Implement `student_train_eval(alpha)` to train once (choose a mode) and return `(train_acc, test_acc)`. Then try several values of \(\alpha\).


In [7]:
def student_train_eval(alpha=1.0, mode='bernoulli'):
    texts, labels = tiny_spam_dataset()
    vocab = build_vocab(texts, min_freq=1, max_size=2000)
    X = vectorize_bow(texts, vocab, binary=(mode=='bernoulli'))
    Xtr, Xte, ytr, yte = train_test_split(X, labels, test_size=0.3, seed=7)
    nb = NaiveBayesText(mode=mode, alpha=alpha)
    nb.fit(Xtr, ytr)
    tr_pred = nb.predict(Xtr)
    te_pred = nb.predict(Xte)
    return accuracy(ytr, tr_pred), accuracy(yte, te_pred)

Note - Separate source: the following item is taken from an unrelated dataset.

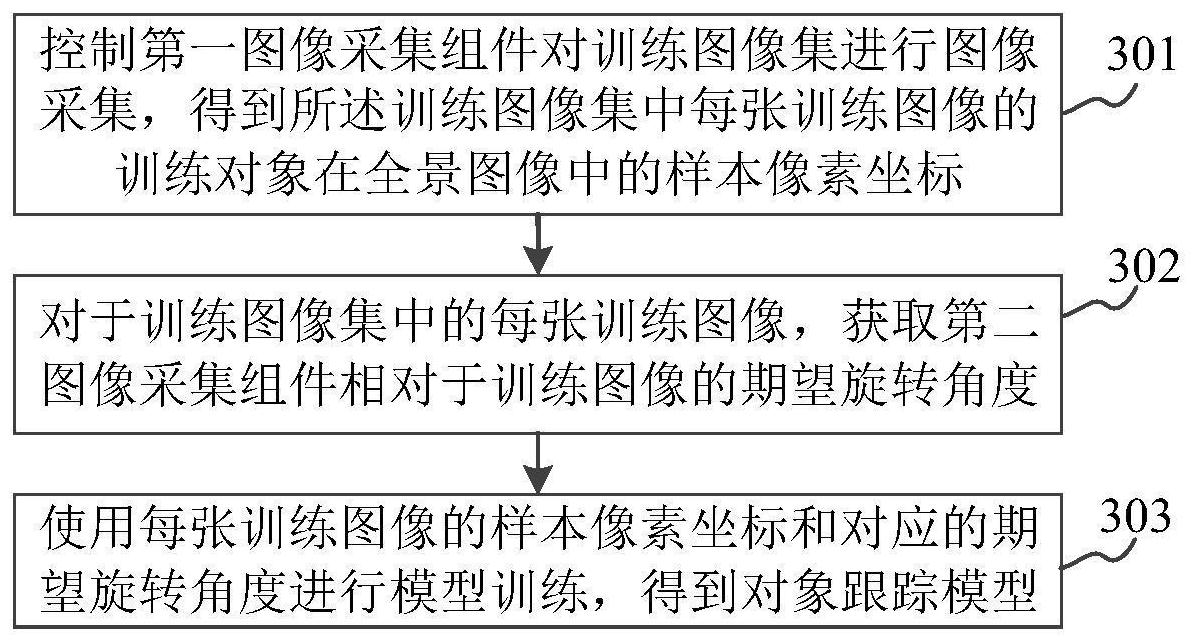 本申请涉及一种对象跟踪模型的训练方法、装置及存储介质,属于计算机技术领域,该方法包括:控制第一图像采集组件对训练图像集进行图像采集,得到训练图像集中每张训练图像的训练对象在全景图像中的样本像素坐标;对于训练图像集中的每张训练图像,获取第二图像采集组件相对于训练图像的期望旋转角度;使用每张训练图像的样本像素坐标和对应的期望旋转角度进行模型训练,得到对象跟踪模型;可以解决同一型号对象跟踪设备由于生产过程中不可避免地存在随机误差,导致跟踪拍摄对象的跟踪精度较低的问题;可以使用个性化地训练得到的对象跟踪模型进行对象跟踪,从而提高对象跟踪精度。且由于训练过程完全自动化,因此,可以提高模型训练效率。

res = test_exercise_3_smoothing(student_train_eval)
show_result("Exercise 3 – Smoothing", res)

for a in [0.1, 0.5, 1.0, 2.0, 5.0]:
    tr, te = student_train_eval(a, mode='bernoulli')
    print(f"alpha={a:.1f} -> train={tr:.3f} | test={te:.3f}")


[PASS] Exercise 3 – Smoothing
alpha=0.1 -> train=1.000 | test=1.000
alpha=0.5 -> train=1.000 | test=1.000
alpha=1.0 -> train=1.000 | test=1.000
alpha=2.0 -> train=1.000 | test=0.500
alpha=5.0 -> train=0.700 | test=0.250


## 5. Generative vs. Discriminative (Short Answer)

1) How does a generative classifier differ from a discriminative classifier?  
2) Why can Naive Bayes be viewed as a simple text generator?  
3) Briefly relate Naive Bayes to modern generative models (e.g., GPT).


**1)** Generative models learn \(p(x\mid y)\) and \(p(y)\), then use Bayes’ rule to infer \(p(y\mid x)\). Discriminative models learn \(p(y\mid x)\) or a direct decision boundary.

**2)** In the Multinomial variant, each class defines a word distribution; repeatedly sampling words from \(p(w\mid y)\) would produce bag‑of‑words documents for that class.

**3)** Both model token distributions. Naive Bayes uses strong independence assumptions over words; modern generative models (e.g., GPT) learn \(p(x)\) or \(p(x\mid\text{prompt})\) with deep sequence modeling that captures long‑range dependencies.